A husband should never make you feel like an idiot, of all the people in world, he should be the one who makes you feel beautiful, smart and sexy! Whether you are all decked out and on your mental game, or if you're wearing that old holey night gown you bought 12 yrs ago and are mentally exhausted from the happenings of the day!

My definition of better-half: the person you married who always sees you as BETTER than you really are!


----------



## cb45 (Oct 2, 2009)

ok we only have yer side of story. lets say u r somewhere btwn being totally in the right (not likely) and more than 50% right compared to yer H (likely).
where does this get ya? i mean, how do u know he doesnt have more than just sex resentments against ya and negatively
acts out his frustrations w/ u?(not justified i know but.....)

i hope he can both listen and articulate his own list of resentments against u. many a man cannot, for various reasons.

i also think u r building up to some kinda action in the (near?) 
future re: ditching him now that teaching employment & increased socialization is on the horizon for u. is or isnt this so?

well.....enough of my 2 cents, b4 it becomes a nickel or a dimes
worth./

buena vista........baby.


----------



## need2know (Jul 13, 2010)

BorrowedHalo said:


> I want to stay for two reasons. First, I am not convinced that all is lost and hopeless. Second, money. I fully believe that my husband would fight me tooth and nail about child-support/alimony. I am not employed full-time right now. I just finished my degree. I have never even HAD a full time job. I hate to admit it and I have beat myself up about this over and over, but we're doing ok right now. He says we're not, but we are. I am comfortable right now. It would be more selfish for me to leave and expect my kids to live in a smaller home/apartment and to have very little money. And, my husband would be a jerk about everything from custody/visitation to alimony/child support. AND I have a fear that he would try (and maybe be charming enough to succeed) to take the kids and leave me with practically nothing.
> 
> I'm not staying "for the kids' sake" the way people did back in the old days. I'm doing it because I know what kind of trauma it would be for all of us. Once the kids are on their own, IF we haven't fixed the problems--or before that IF they get worse...I'll leave.


The ONLY way this situation is salvageable is if you get some kind of outside counseling. Not off the internet. Real counseling. Starting tomorrow. Unless you do that, leave. And your kids are not better off having a lower degree of loving home life and a higher degree of STUFF. And no, you loving them and hating him does not cut it. Do not fool yourself and think you are fooling them. The house and the kind of clothes they are wearing is not going to give them their self-esteem or their relationship skills. 

Listen, I am in the middle of the biggest financial crunch we have ever experienced.
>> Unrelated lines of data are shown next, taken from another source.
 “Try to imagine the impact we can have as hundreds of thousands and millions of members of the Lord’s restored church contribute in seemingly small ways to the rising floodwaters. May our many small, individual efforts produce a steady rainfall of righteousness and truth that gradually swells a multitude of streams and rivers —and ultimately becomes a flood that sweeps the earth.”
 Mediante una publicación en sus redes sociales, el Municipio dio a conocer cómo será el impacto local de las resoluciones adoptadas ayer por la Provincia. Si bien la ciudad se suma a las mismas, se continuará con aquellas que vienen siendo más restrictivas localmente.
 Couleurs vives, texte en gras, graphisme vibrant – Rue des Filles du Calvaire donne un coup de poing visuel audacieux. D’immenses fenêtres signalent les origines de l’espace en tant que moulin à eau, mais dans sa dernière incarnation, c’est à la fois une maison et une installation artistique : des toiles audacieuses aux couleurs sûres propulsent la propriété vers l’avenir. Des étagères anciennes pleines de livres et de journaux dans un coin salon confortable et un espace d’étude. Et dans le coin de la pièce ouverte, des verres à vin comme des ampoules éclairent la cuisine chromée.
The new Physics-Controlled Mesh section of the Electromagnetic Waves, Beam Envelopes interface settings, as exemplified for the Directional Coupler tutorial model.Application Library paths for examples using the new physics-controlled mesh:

Right now my daughter is at a friend's house completely outfitted from head to toe in Abercrombie, Hollister and American Eagle, I manage to have 'Family Game Night' at my house every Sunday night for our extended family and it always amounts to a minimum of fifteen people and my DH and I now have a camping trip planned for the end of the month. 
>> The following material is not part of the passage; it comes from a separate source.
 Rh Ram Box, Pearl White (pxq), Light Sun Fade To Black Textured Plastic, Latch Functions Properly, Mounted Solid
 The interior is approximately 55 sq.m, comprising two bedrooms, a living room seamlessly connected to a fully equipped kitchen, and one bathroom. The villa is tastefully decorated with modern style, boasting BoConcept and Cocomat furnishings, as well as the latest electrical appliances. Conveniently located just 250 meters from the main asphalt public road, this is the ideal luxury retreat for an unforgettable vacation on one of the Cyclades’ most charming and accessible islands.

I shop at a combination of Goodwill and the Salvation Army for clothes (here Wednesdays are 1/2 off day at SA and on Tuesdays GW does 25% off for seniors. I drag my mother there a couple of Tuesdays a month). We don't spend more than $50 per month on clothes and the kids friend's would never know it. Between WalMart, Aldi's and the meat sales at my local Food Lion I manage to feed half the people in two counties on about $125 a week. Oh, did I mention we have SEVEN dogs? Tractor Supply has great deals on dog food every month. I stock up on whatever is on sale. 

Two years ago my husband was bringing him in the neighborhood of $150,000 a year and we had ZERO credit card debt. Now we are getting by on about $48,000 a year. It ain't easy, but we are doing it. And we haven't lost the house or sold anything we cried about. 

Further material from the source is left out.